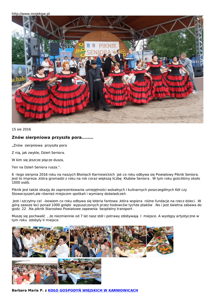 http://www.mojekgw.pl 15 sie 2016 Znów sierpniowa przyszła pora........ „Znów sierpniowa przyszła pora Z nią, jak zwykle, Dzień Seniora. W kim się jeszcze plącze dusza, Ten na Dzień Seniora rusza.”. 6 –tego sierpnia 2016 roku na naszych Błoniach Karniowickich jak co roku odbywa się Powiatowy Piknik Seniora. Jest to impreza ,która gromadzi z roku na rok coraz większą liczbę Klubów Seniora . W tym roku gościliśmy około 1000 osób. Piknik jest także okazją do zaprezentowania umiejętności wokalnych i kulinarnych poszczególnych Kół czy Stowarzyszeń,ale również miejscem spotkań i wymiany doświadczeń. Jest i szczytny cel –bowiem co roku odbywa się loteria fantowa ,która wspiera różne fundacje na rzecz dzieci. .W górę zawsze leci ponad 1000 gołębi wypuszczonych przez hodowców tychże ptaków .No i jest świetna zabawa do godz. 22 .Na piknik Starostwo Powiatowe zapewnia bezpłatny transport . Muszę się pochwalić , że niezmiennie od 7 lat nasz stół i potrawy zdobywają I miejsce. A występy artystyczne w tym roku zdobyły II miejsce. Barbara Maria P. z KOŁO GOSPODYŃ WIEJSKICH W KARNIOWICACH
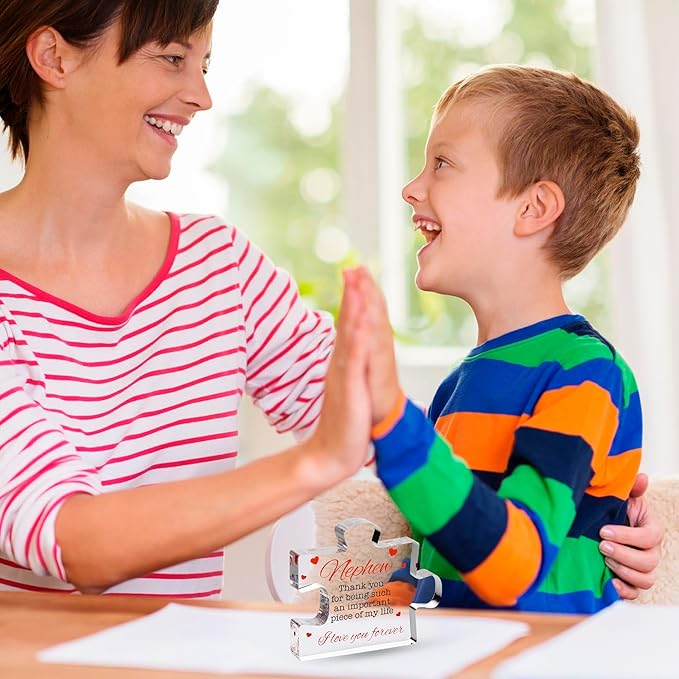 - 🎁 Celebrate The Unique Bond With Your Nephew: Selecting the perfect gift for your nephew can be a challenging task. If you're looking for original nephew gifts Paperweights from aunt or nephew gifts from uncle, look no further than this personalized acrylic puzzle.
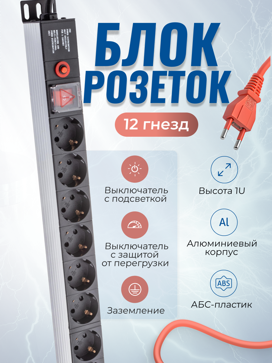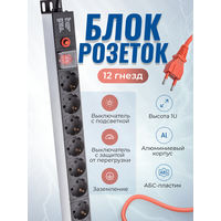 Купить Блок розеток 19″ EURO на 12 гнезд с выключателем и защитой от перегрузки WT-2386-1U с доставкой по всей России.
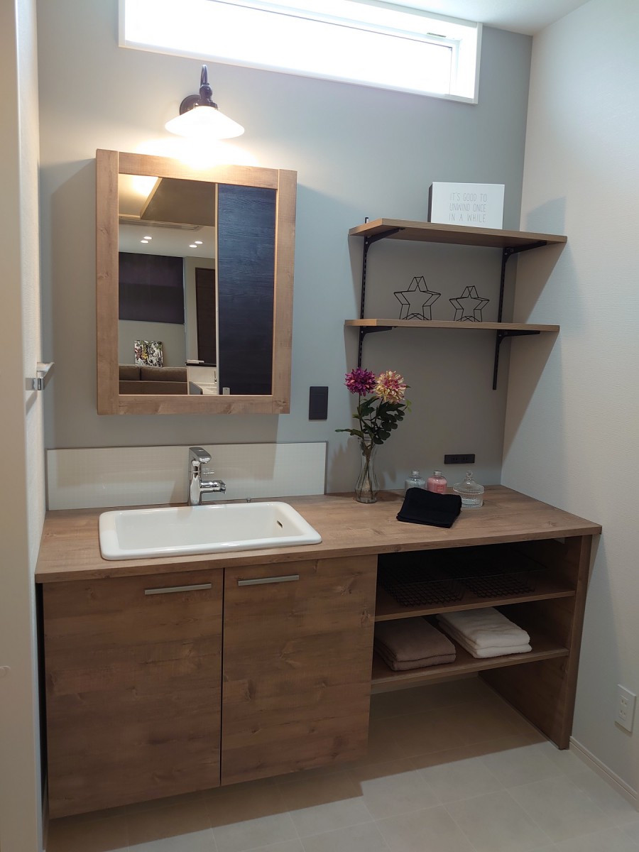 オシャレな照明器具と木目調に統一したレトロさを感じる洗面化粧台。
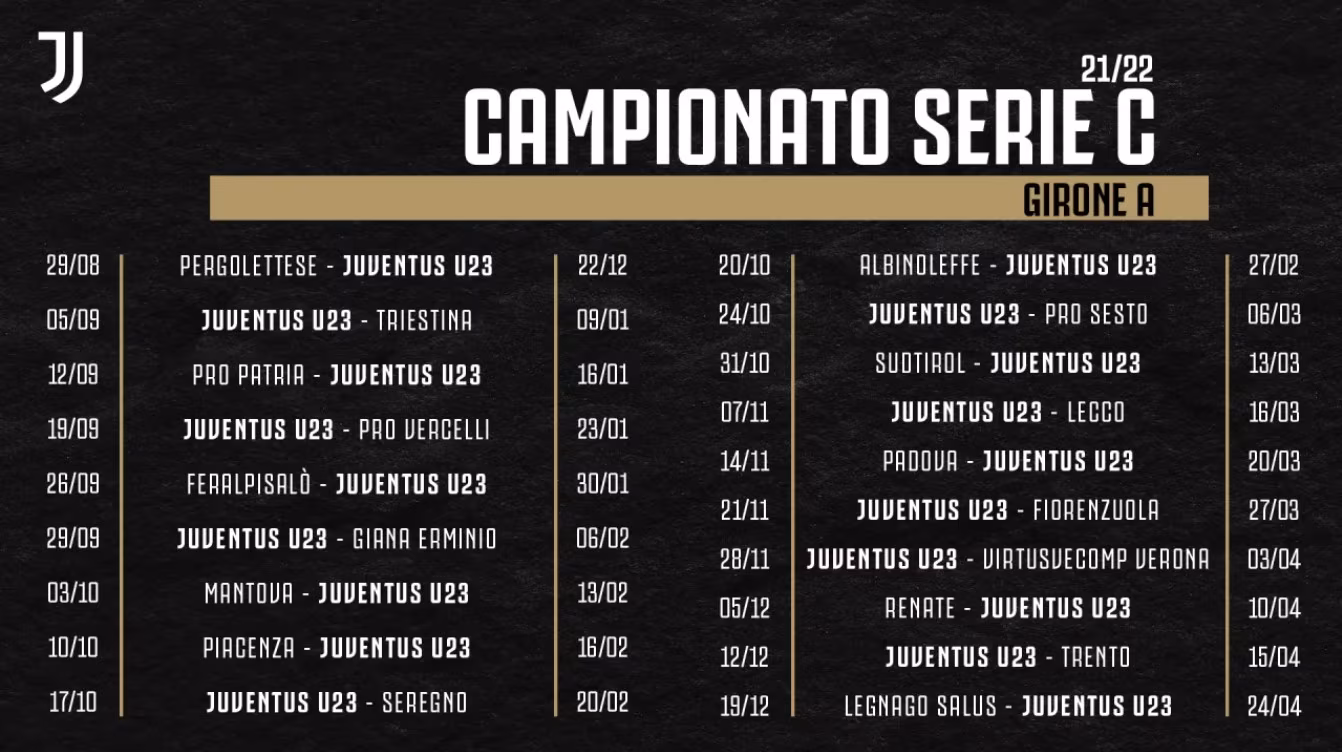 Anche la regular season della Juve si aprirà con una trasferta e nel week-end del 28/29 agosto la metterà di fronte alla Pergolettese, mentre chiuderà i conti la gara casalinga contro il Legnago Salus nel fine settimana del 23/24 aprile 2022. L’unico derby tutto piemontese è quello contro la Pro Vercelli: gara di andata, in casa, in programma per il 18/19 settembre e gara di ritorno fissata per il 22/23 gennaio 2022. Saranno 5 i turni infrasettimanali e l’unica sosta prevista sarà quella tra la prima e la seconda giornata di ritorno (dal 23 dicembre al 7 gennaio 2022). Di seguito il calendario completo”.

==*==

◆ **Exercise directions**: Print the data exactly, from its first line to the line containing "オシャレな照明器具と木目調に統一したレトロさを感じる洗面化粧台。", both included. Omit the pictures.

◆ **Exercise result**:
 http://www.mojekgw.pl 15 sie 2016 Znów sierpniowa przyszła pora........ „Znów sierpniowa przyszła pora Z nią, jak zwykle, Dzień Seniora. W kim się jeszcze plącze dusza, Ten na Dzień Seniora rusza.”. 6 –tego sierpnia 2016 roku na naszych Błoniach Karniowickich jak co roku odbywa się Powiatowy Piknik Seniora. Jest to impreza ,która gromadzi z roku na rok coraz większą liczbę Klubów Seniora . W tym roku gościliśmy około 1000 osób. Piknik jest także okazją do zaprezentowania umiejętności wokalnych i kulinarnych poszczególnych Kół czy Stowarzyszeń,ale również miejscem spotkań i wymiany doświadczeń. Jest i szczytny cel –bowiem co roku odbywa się loteria fantowa ,która wspiera różne fundacje na rzecz dzieci. .W górę zawsze leci ponad 1000 gołębi wypuszczonych przez hodowców tychże ptaków .No i jest świetna zabawa do godz. 22 .Na piknik Starostwo Powiatowe zapewnia bezpłatny transport . Muszę się pochwalić , że niezmiennie od 7 lat nasz stół i potrawy zdobywają I miejsce. A występy artystyczne w tym roku zdobyły II miejsce. Barbara Maria P. z KOŁO GOSPODYŃ WIEJSKICH W KARNIOWICACH
 - 🎁 Celebrate The Unique Bond With Your Nephew: Selecting the perfect gift for your nephew can be a challenging task. If you're looking for original nephew gifts Paperweights from aunt or nephew gifts from uncle, look no further than this personalized acrylic puzzle.
 Купить Блок розеток 19″ EURO на 12 гнезд с выключателем и защитой от перегрузки WT-2386-1U с доставкой по всей России.
 オシャレな照明器具と木目調に統一したレトロさを感じる洗面化粧台。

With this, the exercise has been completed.